A bipolar static memory cell (MC) is connected between the two, and one of the word line drive circuits (10) provided for each word line (WL) is selected to select one word line (WL). In addition, one of the bit line driving circuits (11) provided for each bit line pair (BL, bar BL) is selected to select one bit line pair (BL, bar B).

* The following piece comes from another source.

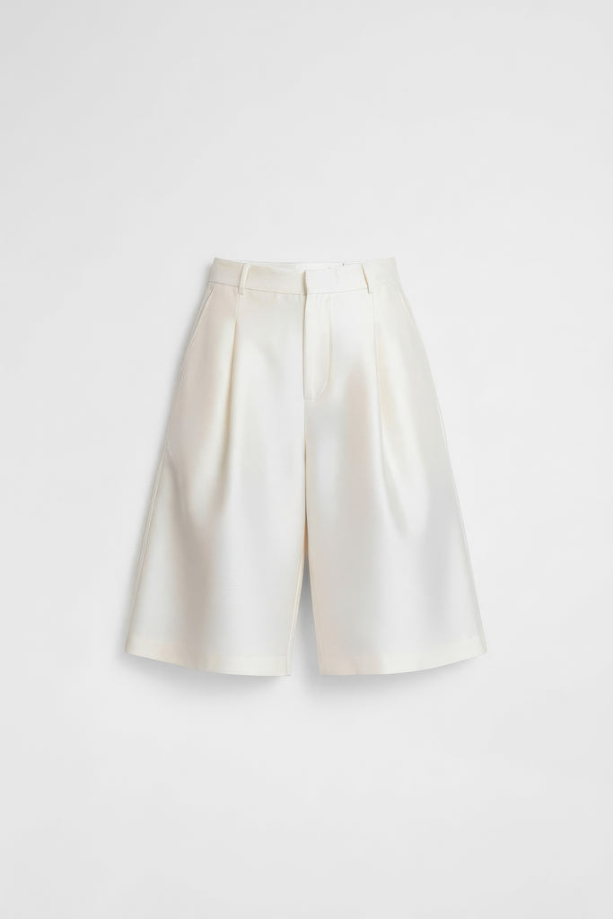 This high-waisted Bermuda short is crafted from a premium silk-wool blend, combining softness with structure. Designed with pleats for shape, side pockets, a zipper closure, and belt loops, it offers a slightly flared fit at the hem for effortless style and comfort.

L) is selected, and a specific bipolar static memory cell (MC) is selected based on the selected word line (WL) and bit line pair (BL, bar BL). A drive control circuit for forcibly selecting all the word line drive circuits (10) irrespective of address data and forcibly unselecting all the bit line drive circuits (11) irrespective of address data ( 12) and the cell transistor on the side of one bit line pair (BL or bar BL) of each bipolar static memory cell (MC) provided for each bit line pair (BL, bar BL) is connected to the drive control circuit (12). ), And a current source circuit (13) which is turned on together with the control operation of (1). 2. A bipolar static memory cell (M
The cell transistor on the side turned on in (C) is a multi-emitter transistor having three emitters,
One emitter on the bit line (BL or bar BL)
The two emitters are the flash clear line (CL
1, CL2), one emitter is a hold line (HL)
2. The semiconductor memory device according to claim 1, wherein the semiconductor memory device is connected to. 3. A bipolar static memory cell (M
The cell transistor on the side turned on in (C) is a multi-emitter transistor having two emitters,
One emitter is a hold line (HL), one emitter is a bit line (BL or bar BL) and a current source circuit (1
3. The semiconductor memory device according to claim 1, wherein the semiconductor memory device is connected to the flash clear line (CL1, CL2) of 3).